Unit Four: Differentiating among the alternative hypotheses by blocking the upstream input
Simulating the suppression of PIP3 levels
Three models remained under consideration: PIP3-dependent recruitment, PIP3-independent recruitment, and retention. We simulated serum-induced effects the three models while suppressing the PIP3 levels (the canonical input). The serum-induced deviation (the non-canonical input) was maintained. As expected, output was suppressed in all three models (Aktp308 in Fig 7A(i), dashed lines; Aktp308m in Fig 7A(iv), dashed lines). There was a significant difference among the models for the predicted levels of total Akt at the membrane (Fig 7A(iii), dashed lines). Akt would remain cytosolic for the retention model and PIP3-dependent model, but Akt would accumulate at the membrane under the PIP3-independent recruitment model.
LY29 experiments rule out PI3K-independent recruit
Based on the simulations of Fig 7A, we proposed to measure the dynamics of TotMemAkt, after serum stimulation, with and without suppression of PIP3. Lipids are difficult to target directly, so we treated cells with LY294002 (LY29), a small-molecule inhibitor of PI3K. (Recall that PI3K is immediately upstream of PIP3.) LY29 treatment is not necessarily identical to PIP3 suppression, but if LY29 treatment would fail to suppress serum-stimulated recruitment of (unphosphorylated) Akt to the membrane, that would still be compelling support for a model with PIP3-independent recruitment (not to mention PI3K-independent recruitment).
The membrane fraction of total Akt (TotMemAkt) was measured in serum-stimulated fibroblasts with and without LY29 pre-treatment (Fig 7B). The levels of TotMemAkt were roughly flat, with no non-canonical boost. Fig 8B shows a quantified version of the observed trend (black dashed line), superimposed with three colored curves for the three alternative models. LY29 blocked the non-canonical effect, indicating that LY29 and PI3K are upstream of the non-canonical effect.
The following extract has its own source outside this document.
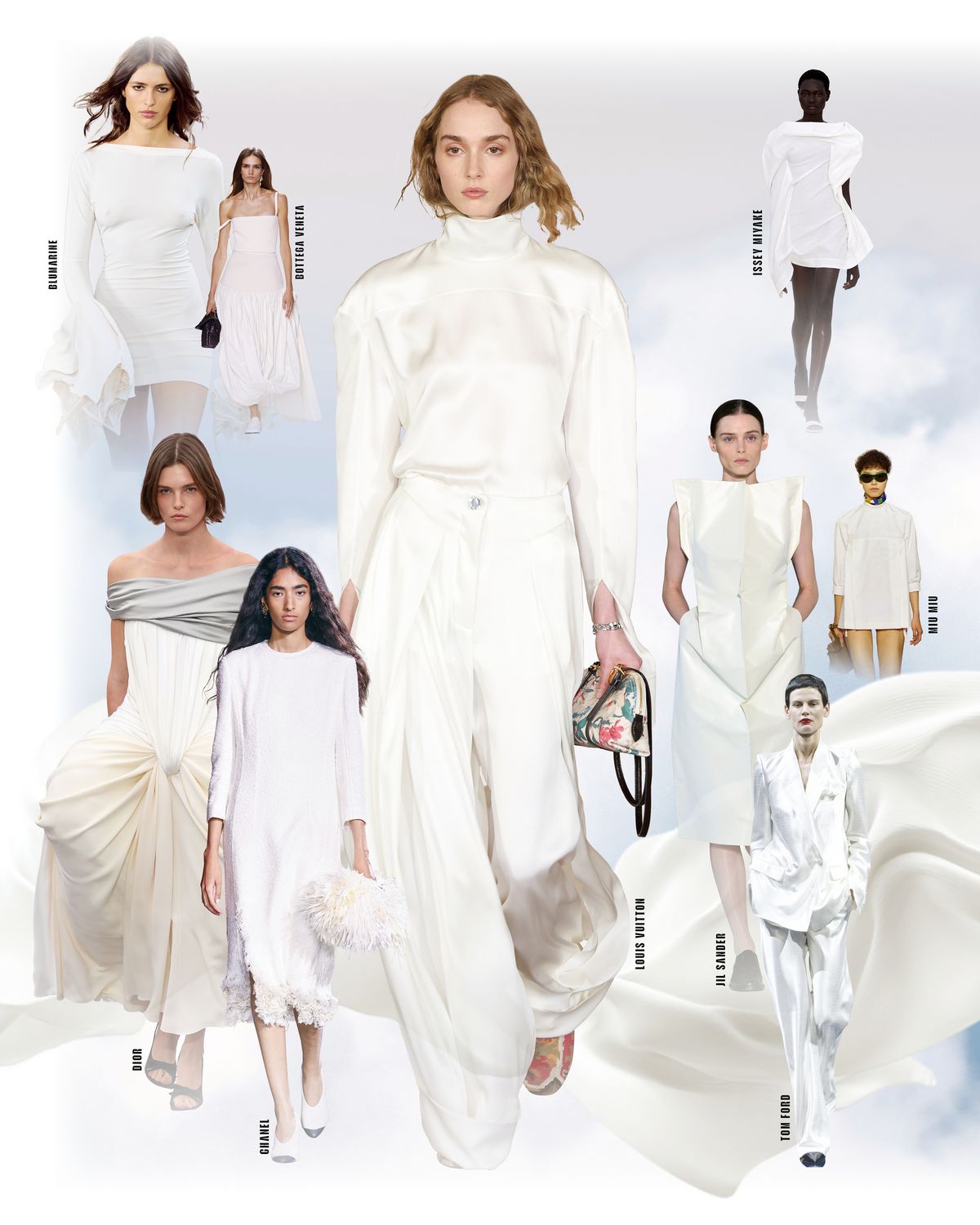 클라우드 댄서는 미묘한 미색이 감도는 부드러운 톤으로 시선을 편안하게 머물게 한다. 절제와 균형이 하나의 가치로 떠오른 지금, 우리가 현재 필요로 하는 안정과 회복의 정서를 차분하게 전파한다. 팬톤은 “디지털 기기 사용과 정보 소비가 늘어난 환경에서 시각적 피로를 덜어주는 차분한 색에 대한 선호가 뚜렷해지고 있다”라고 설명했다. 이 기조는 2026 S/S 컬렉션 전반에서도 확인된다. “이게 정말 트렌드 컬러라고?” 할 정도로 밋밋함을 넘어 때로는 존재감마저 미미한 색이 런웨이에 대거 등장했다고 하면 고개를 갸웃할지도 모른다. 그도 그럴 것이 패션은 과감한 색의 조합과 대담한 디자인으로 브랜드 정체성을 계속해서 이야기하기 바빴으니까. 각 하우스는 클라우드 댄서를 저마다 다르게 해석했지만 공통적으로 향한 지점은 분명하다. 디올과 끌로에는 케이프처럼 상체를 넓게 덮은 톱, 풍성한 플리츠스커트 등을 선보이며 하늘하늘한 실루엣 위에 클라우드 댄서를 입혀 마치 구름이 몸을 감싸는 듯한 방식으로 풀어냈다. 질샌더와 톰포드는 보다 정제된 방식으로 다뤘다. 군더더기 없는 테일러링과 구조적인 선 위에 놓인 클라우드 댄서는 장식적인 역할을 하기보다 옷의 균형을 지탱한다. 보테가 베네타도 장식을 제거한 드레스를 앞세웠다. 밑단의 러플 디테일을 제외하면 설명할 것이 없을 만큼 단순하다. 샤넬 또한 미니멀한 드레스와 셋업을 줄이어 화려하고 요란한 장면이 아닌 안정적인 흐름을 만들었다.

Combined with the earlier weaknesses in the PIP3-independent recruitment model and the current failure, we ruled out the PIP3-independent recruitment model (red curve), and we retained the models with PIP3-dependent recruitment or retention.
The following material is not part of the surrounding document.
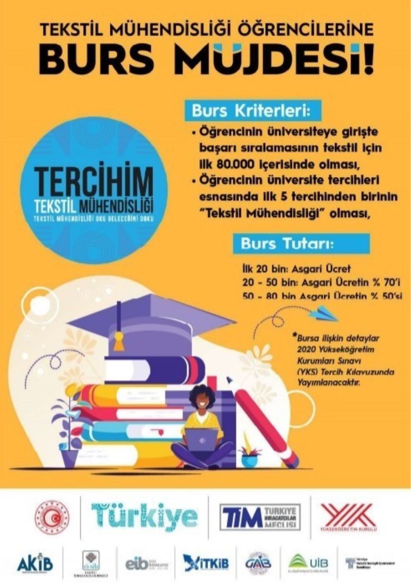 Ticaret Bakanlığı öncülüğünde Türkiye İhracatçılar Meclisi (TİM), Türkiye genelindeki 10 ihracatçı birliği ve Türkiye Tekstil Sanayi İşverenleri Sendikası’nın (TTSİS) Yükseköğretim Kurulu (YÖK) arasında imzalanan protokole göre, üniversite sınavında ilk 20 bine giren öğrenciler, tekstil mühendisliğini tercih etmesi halinde her ay net asgari ücret tutarında karşılıksız burs alacak.

Finally, to differentiate between the last two plausible models, we must study the dynamics of the pathway turning off, rather than the dynamics of turning on. Serum stimulation can create a high level of transient activation, but after a few minutes, the upstream factors (PIP3 and PDK1) reach a moderate steady state that is neither fully active nor fully inactive. To observe the dynamics of shutting the system off, we must start the system in a fully activated state, constitutively active, not partly activated or transiently activated by serum. Therefore to achieve constitutively high levels of PIP3 in resting cells, we used homozygous deletion of PTEN (with no change to other lipid phosphatases that consume PIP3.) We then treated with the LY29 inhibitor to observe the pathway shut down. After 2 hours, PDK1 was absent from the membrane, indicating that the pathway upstream of PDK1 had shut down (Fig 8). However, Akt was still present at the membrane after 2 hours, indicating that Atk was retained in the absence of its canonical upstream activator. This experiment also includes cell treatment with DPI (diphenylene iodonium), which is explained in the figure caption. We conclude that model M3 is correct, and that non-canonical retention of Akt occurs in mouse embryonic fibroblasts.
Discussion
Aktp308 phosphorylation clearly exhibits overshoot behavior, but the time-scale of the overshoot was considerably later for Aktp308 than for PIP3 (Fig 1). In the first unit of our results, the canonical model was unable to explain the delay between the peaks of PIP3 and pAkt (Fig 2), suggesting that some non-canonical effect causes the overshoot dynamics of Aktp308. A critical consideration for the interpretation of Fig 2 is parameter estimation, which is never guaranteed to find globally optimal values. If our estimated parameters are significantly worse than optimal, then a correct hypothesis could appear to violate the observations. In other words, our search is incomplete. Incompleteness of search is an obstacle to claiming that a model can’t fit a dataset. This is relevant when ruling out the canonical model, and also when claiming that altenative models can’t satisfy the data. To address this risk, we pursued multiple complementary methods of parameter estimation and a large number of random restarts before accepting a high-violation model to be “best-fit” to the data. Secondly, we avoided ruling out models unless they showed gross violations of the observed trends. Third, we could sometimes find an underlying reason or explanatory intuition for why the failure would be unavoidable. Future work could improve our confidence, with less need for human judgment, when testing whether any parameters exist for a given model to match a given behavior.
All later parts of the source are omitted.